Peel the onion and slice it in half. Wash the carrots, then tip and tail them. Examine the peel and if it's not egregiously ugly, do not peel but simply snap into two or three segments. Snap the celery off its clump and rinse, then snap into a couple pieces. You can leave the little celerylets and the celery leaves on (although try this once and then adjust, it may be too celery-y). Snip some thyme stalks (10-20) off the plant outside, then rinse. Dump the veg into the instant pot, then add the pepper and the bay leaves. Dump in the chicken carcass and all the oogy bits in the bottom, breaking it up or smooshing it down as needed to get everything below the Max Fill line on the pressure cooker. Add NO SALT or LEMON JUICE YET. But do add between 6 and 8 cups of tap-hot water (do not use already boiling water. Tap hot is the max hot). Add enough water to mostly or completely cover the carcass, without exceeding the fill limits of course.

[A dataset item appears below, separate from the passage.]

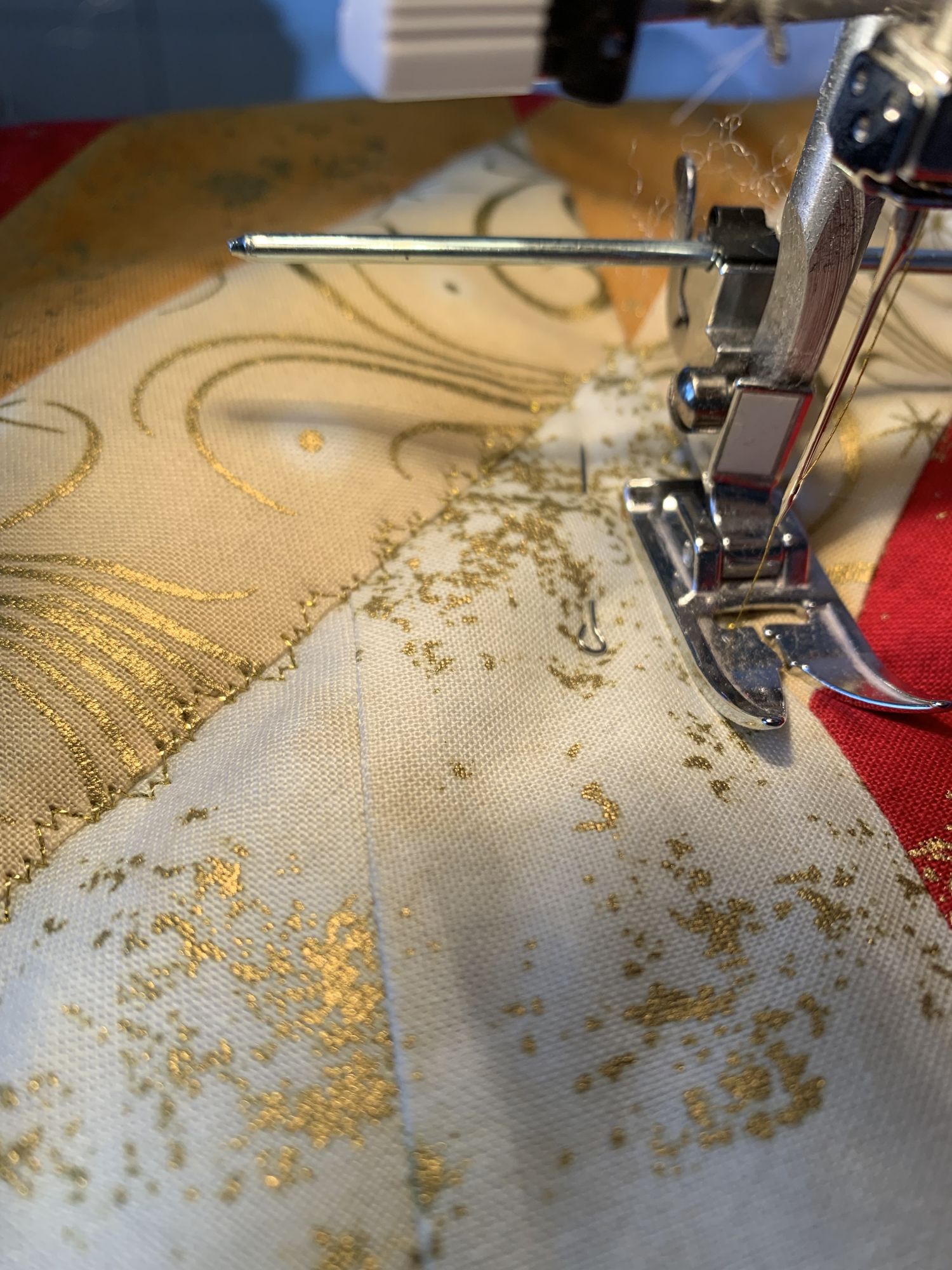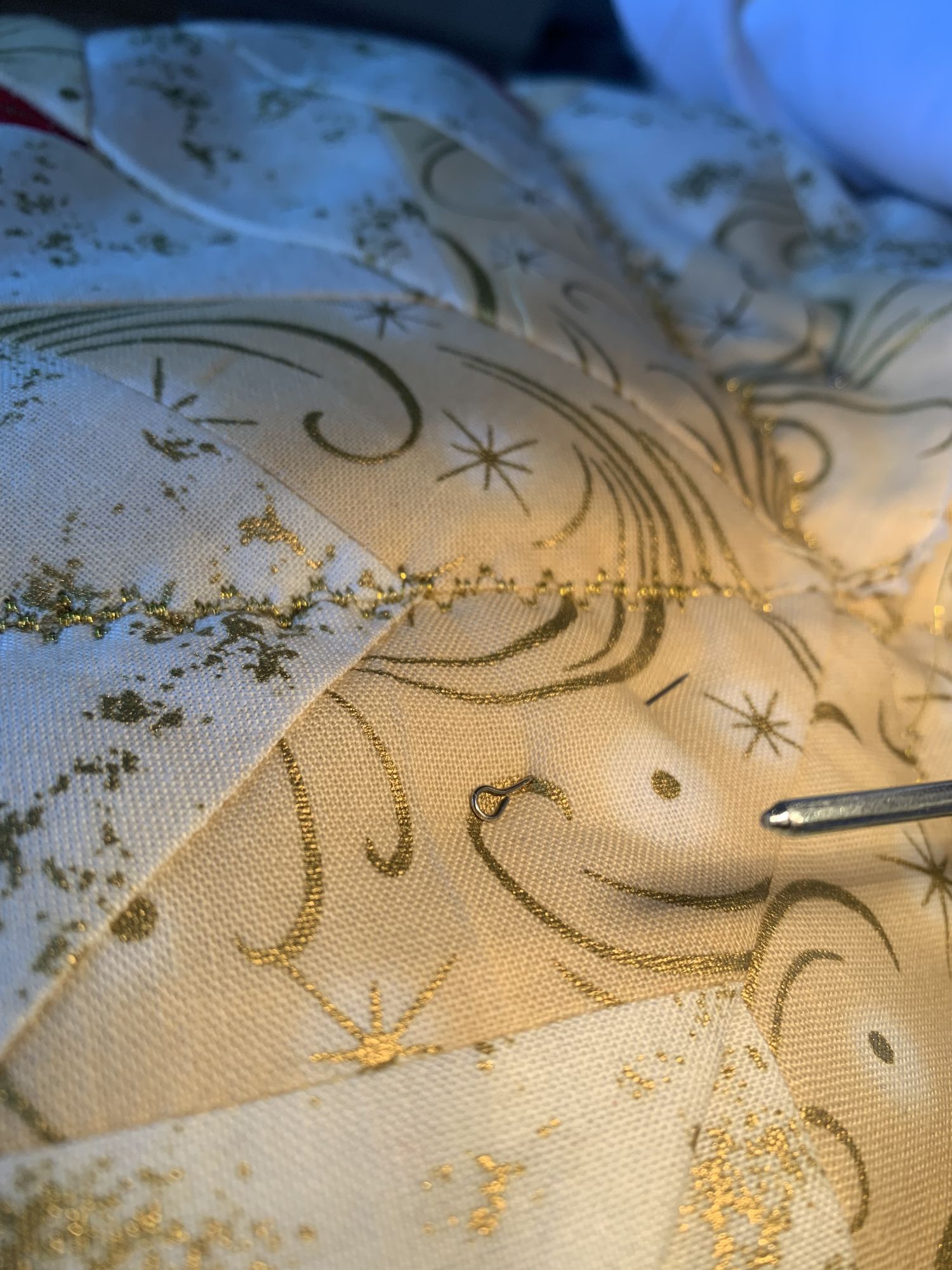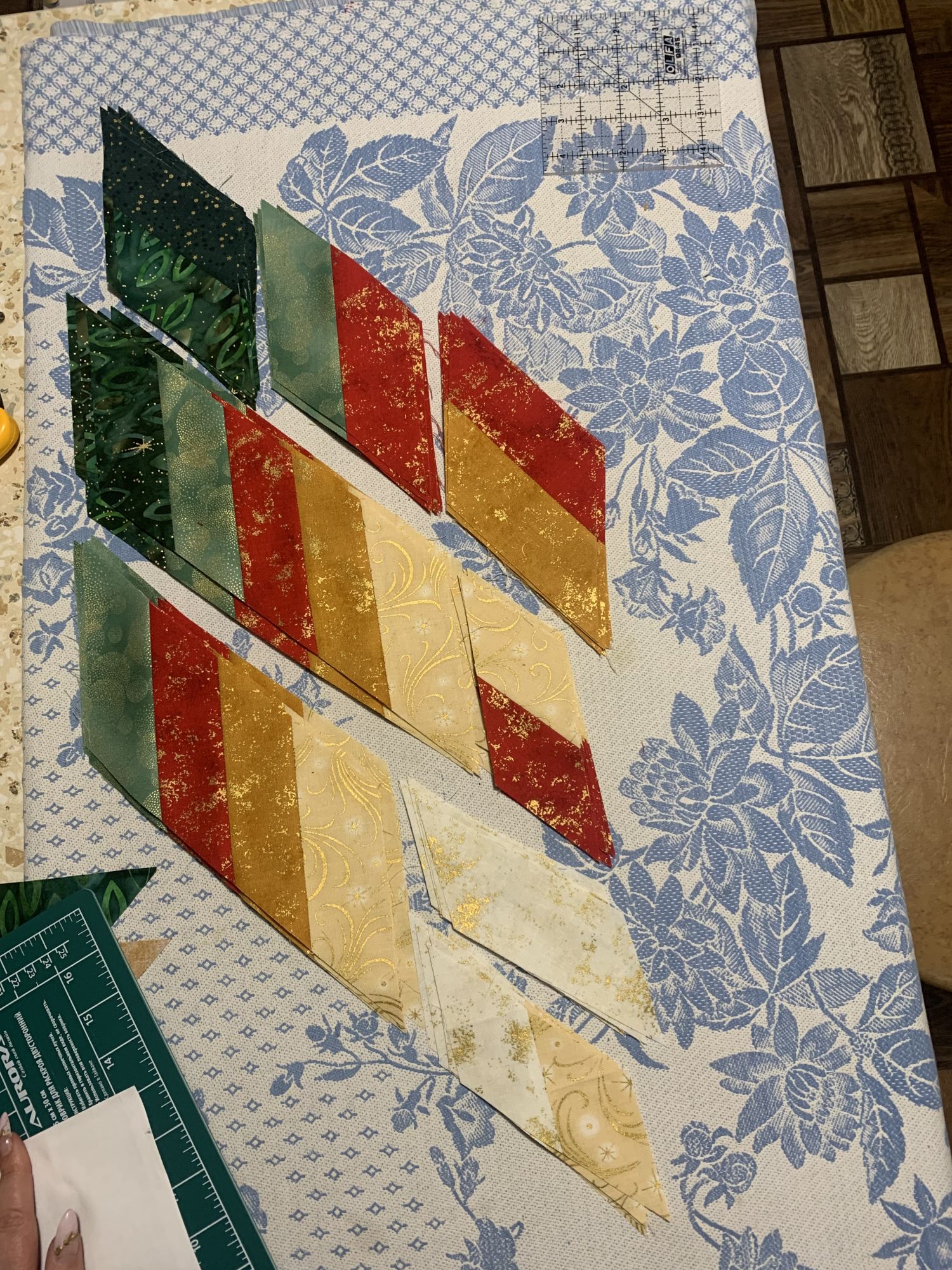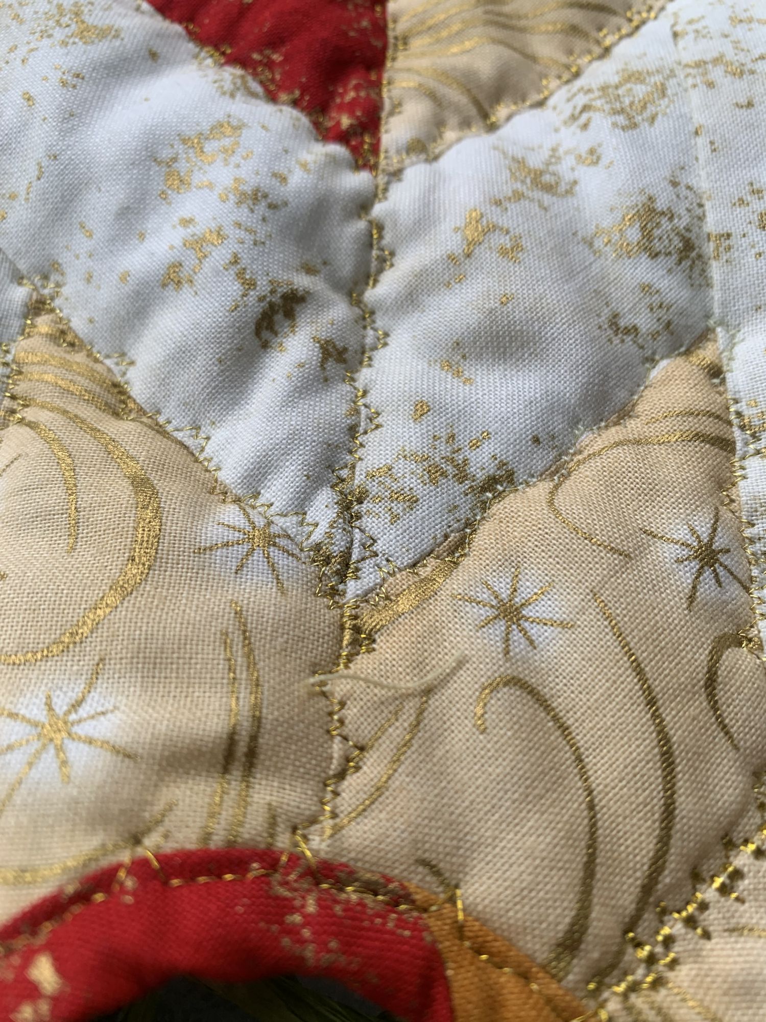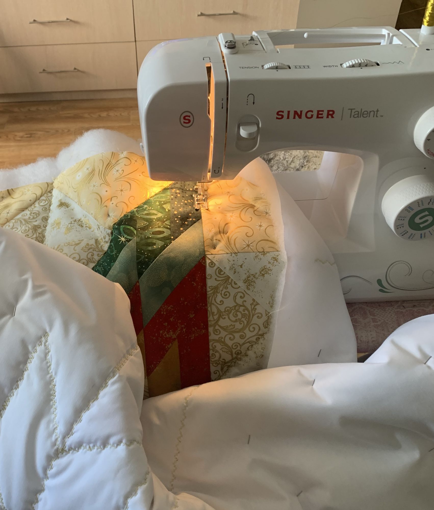 19 июня 2023 Отчет. 1. Пэчворк. Юбка под елку. Майский отчет я профилонила. А май ознаменовался уже традиционной поездкой в Питер за весенним солнышком, прогулками и дружескими посиделками. И была еще одна цель намечена и достигнута - посещение магазина с тканями для пэчворка. Ибо дорогие сестры во игле внемли моим воплям "хочувотэтотмастерклассссс!!!" и подарили мне МК по пошиву юбки под елку в стиле пэчворк. То, что юбку я не вышью я уже поняла, но кто мешает мне ее сшить, тем более в свете последнего моего увлечения. - это я в Питере хвастаюсь приобретениями. В Питере было еще много всякого интересного. Походов, поездок, музеев, но я вам не расскажу. И не потому, что я такая вредная, просто у меня это не очень получается. Покажу только наше с Аней @monstrochka селфи А вот как я шила юбку под елку - поделюсь! О! Это была еще та эпопея! И наполнена она была захватывающим разрезанием купленных тканюшек на тонкие полосочки шириной два дюйма, сшивание их, разглаживание, разрезание уже попарно или по три, или по четыре сшитых полоски под углом и снова сшивание. И так тридцать лет и три года! В итоге были собраны восемь вот таких ромбов . Из них и надо было собирать юбку. Вариантов было 3 Дальше в процессе примерки активное участие Котенька. А эти фото сделаны чисто с целью похвастаться, как ловко я совместила все швы , что, поверьте мне, автоматически никак не получается. Пришлось приложить усилия. После выбора варианта расположения ромбов пришло время вновь браться за кройку - между ромбами пространство пустым не оставишь. И новая примерка, как расположить нарезанное Для любопытных "вид сзади", изнанка и лицо в профиль Что ж, половина дела сделана! Впереди очередной интереснючий этап - стежка. Это когда делаешь бутерброд из сшитого из лоскуточков, синтепона и еще одного слоя ткани и прострачиваешь все это в разнообразных направлениях. Фигуры крутить ввиду отсутствия большого опыта и маленькой машинки я не стала. Пошла по простому пути. Иногда это самый верный вариант. Строчила по швам, но фигурной строчкой и люрексом. Кто ж знал, что его уйдет 4 катушки! Получилось Вот такое одеялко , которое предстояло обработать бейкой. - цвет бейки выбираю. Остановилась на красной. Итог - мне понравилось! Главный вывод - надо готовиться и все продумывать. Планы - хочу еще, но пока продумываю и готовлюсь . 2. Lanarte 34926 (8050), Pоза (Rosa Botanical). Только недавно вернулась к вышивке. Пока двигаю розу от Ланарте. Было / стало / Nadinka-Blondinka, Galagenka, pellbell и 26 других сказали спасибо Поделиться сообщением Ссылка на сообщение

Set the pressure cooker for HIGH pressure for 45 minutes time, with a 10-minute reminder thereafter. Once the pot is done cooking the food, allow that ten minute reminder to elapse (or perform manually) to do natural pressure release, and then switch the pressure release switch to manually dump the rest of the pressure. Let the pressure completely escape and then crack it open. Strain the stock (probably don't need cheesecloth, the pieces of bone and such should be large enough to be caught by our colander alone). Taste carefully (with a mind toward hygiene!!) and adjust seasoning, adding salt and lemon juice til it sings. Discard the solids, as they've given their all. Serve as desired!

Exceptionally good. Got very good extraction (crumbly bones) and quite good flavor and mouth feel with our first batch, which notably lacked any celery at all. We found the broth to be quite filling when two ounces per person of rotini were added. No other chunkies at all made for a very enjoyable broth. If you want chunkies, consider preparing additional veg while you have the board out already and then sauteeing that veg in a nonstock pan near the end of the pressure-cook time (perhaps during that ten minutes of natural pressure release).

Calories: 30 per two-cup serving. Should make about eight cups.